Ist Verhältnismäßigkeit ein Thema in der Debatte?
Ja, das ist sie. Die Standardsetzer sprechen viel über die Einbeziehung kleiner und mittlerer Unternehmen, weil die Standards integrativ sein sollen. Bei den Übergangsfragen geht es vor allem um die Verhältnismäßigkeit. Man muss sich darüber im Klaren sein, was die Kernelemente sind und wo es Möglichkeiten gibt, darüber hinauszugehen.
Halten Sie die Entscheidung, dass Frankfurt der Sitz des ISSB ist, für richtig?
Ja, das Thema ist in Frankfurt so präsent wie nirgendwo sonst. Die Europäische Zentralbank ist hier angesiedelt – und das Netzwerk der Zentralbanken und Aufsichtsbehörden zur Ökologisierung des Finanzsystems, das NGFS, ist unglaublich wichtig. Wir haben auch eine enge Zusammenarbeit mit der akademischen Gemeinschaft in Frankfurt.
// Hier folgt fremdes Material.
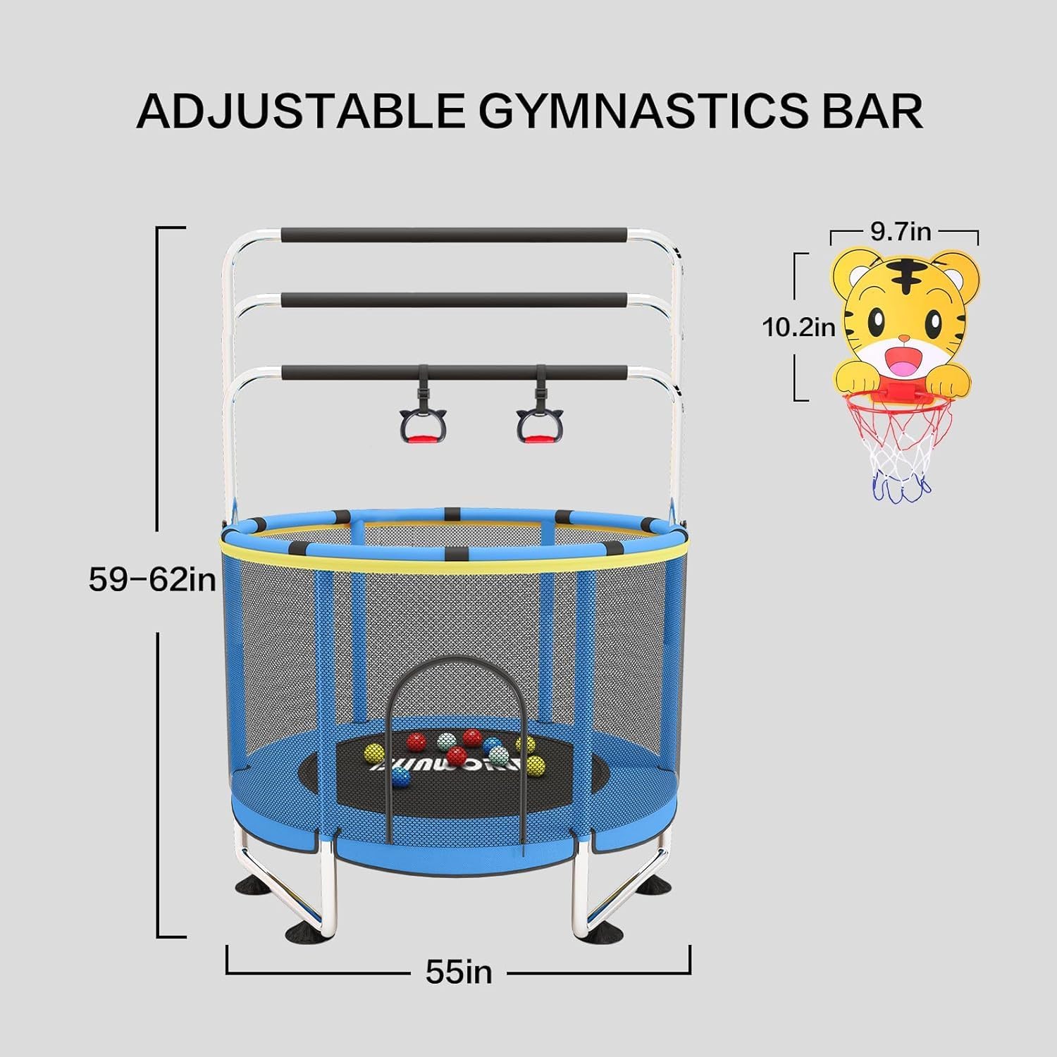 【 3 adjustable height 】 The trampoline includes a 3-level adjustable height of the horizontal bar height design, which can be removed when not needed, and the top is provided with a safety seal for children to play with peace of mind. It can be adjusted from 59 inches to 60 or 62 inches. If your child is addicted to electronics and lacks exercise, you may consider choosing this trampoline

Außerdem gibt es in Deutschland eine global ausgerichtete Wirtschaft. Und die kontinuierliche Unterstützung der Mitglieder des deutschen Konsortiums aus dem öffentlichen und privaten Sektor, sowohl in finanzieller als auch in politischer Hinsicht, ist von entscheidender Bedeutung und eine Voraussetzung für die Erfüllung des uns übertragenen Auftrags.
Im Moment konzentrieren Sie sich auf Klima- und andere Umweltthemen. Wann werden Sie Ihre Arbeit zu sozialen und Governance-Themen intensivieren?
Meine persönliche Überzeugung ist, dass man zuerst liefern und den ersten Schritt machen muss, sonst wird man kein Vertrauen haben. Der ISSB wird sich aber auch mit anderen Themen befassen, zum Beispiel mit der biologischen Vielfalt, dem Humankapital und den Menschenrechten sowie mit der Verbindung zwischen Finanzberichterstattung und Nachhaltigkeitsberichterstattung. Auf der Grundlage der Rückmeldungen aus der Konsultation analysiert der ISSB derzeit, was seine nächsten Prioritäten sind, und legt den Schwerpunkt seiner Arbeit fest.
Es gibt viele Vorwürfe des Greenwashings. Wie stehen Sie zu dieser Art von Kritik?
Wenn ein Unternehmen behauptet, „grün“ zu sein, aber nicht bereit ist, die entsprechenden Daten zu liefern, verlieren die Menschen das Vertrauen. Deshalb müssen wir eine Berichterstattung etablieren, die überprüfbar und vergleichbar ist. Es gibt sicherlich gute Absichten. Aber es ist nicht dasselbe, wenn man die Daten nicht kennt und sie nicht wirklich überprüft werden.
Letzte Frage: Sie haben gerade an der COP28 teilgenommen. Was ist Ihr wichtigstes Fazit?
Es war eindeutig ein großes Ereignis. Aber die Bedeutung von globaler Nachhaltigkeit und Klimastandards wurde in Dutzenden von Panels angesprochen und wiederholt. Die Unterstützung war einvernehmlich.
Das Interview führten Mark Schrörs und Detlef Fechtner.